GCN Circular 37652
Subject
Fermi-LAT Gamma-ray Observations of IceCube-240929A
Date
2024-10-01T10:42:29Z (2 days ago)
From
Simone Garrappa at Weizmann Institute of Science <simone.garrappa@weizmann.ac.il>
Via
Web form
S. Garrappa (Weizmann Institute of Science), C. Bartolini (INFN Bari), L. Pfeiffer (Univ. of Wuerzburg), S. Buson (DESY, Univ. of Wuerzburg) and J. Sinapius (DESY) on behalf of the Fermi-LAT collaboration:
We report an analysis of observations of the vicinity of the high-energy IC240929A neutrino event (GCN 37625) with all-sky survey data from the Large Area Telescope (LAT), on board the Fermi Gamma-ray Space Telescope. The IceCube event was detected on 2024-09-29 09:55:54.03 UTC (T0) with J2000 position RA = 180.66 (+0.57, -0.71) deg, Decl. = 18.92 (+0.55, -0.54) deg 90% PSF containment. No Fermi 4FGL catalog gamma-ray source is located within the 90% IC-240929A localization error (Fourth Fermi-LAT catalog, 4FGL-DR4, The Fermi-LAT collaboration 2023, arXiv:2307.12546).

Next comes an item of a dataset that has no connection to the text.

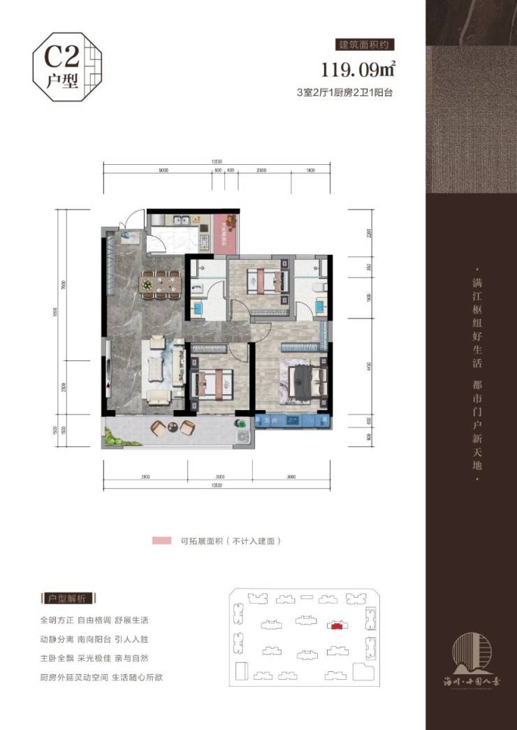 出则繁华,近享宜家,十园八景位于满江核心商业圈,出门即达,相近而不相临,享繁华商圈内仅有纯住宅高品质公园小区。(相近而不相临,唯有十园八景不会因小区和商业相临而堵车、也不会因各种各样的噪音而烦恼,同时购物、逛商场只需步行)。
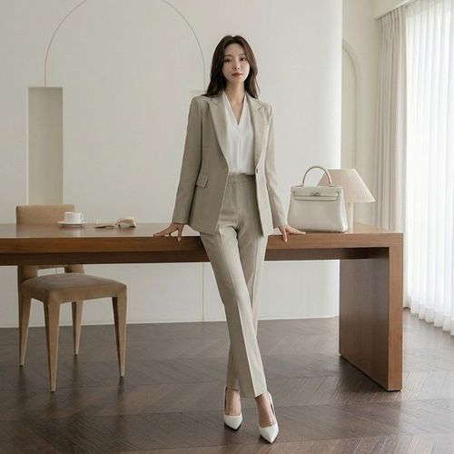 베이직 여성 바지정장세트 테일러드 자켓 스판 슬랙스 투피스 수트셋업

We searched for the existence of intermediate (days to years) timescale emission from a new gamma-ray transient source. Preliminary analysis indicates no significant (>5sigma) new excess emission (>100 MeV) within the IC240929A 90% confidence localization. Assuming a power-law spectrum (photon index = 2.0 fixed) for a point source at the IceCube best-fit position, the >100 MeV flux upper limit (95% confidence) is <3.0e-9 ph cm^-2 s^-1 for ~16-years (2008-08-04 / T0), <5.6e-9 (< 5.5e-8) ph cm^-2 s^-1 for a 1-month (1-day) integration time before T0.
Since Fermi normally operates in an all-sky scanning mode, regular monitoring of this source will continue. For these observations, the Fermi-LAT contact person is S. Garrappa (simone.garrappa at weizmann.ac.il). The Fermi LAT is a pair conversion telescope designed to cover the energy band from 20 MeV to greater than 300 GeV. It is the product of an international collaboration between NASA and DOE in the U.S. and many scientific institutions across France, Italy, Japan and Sweden.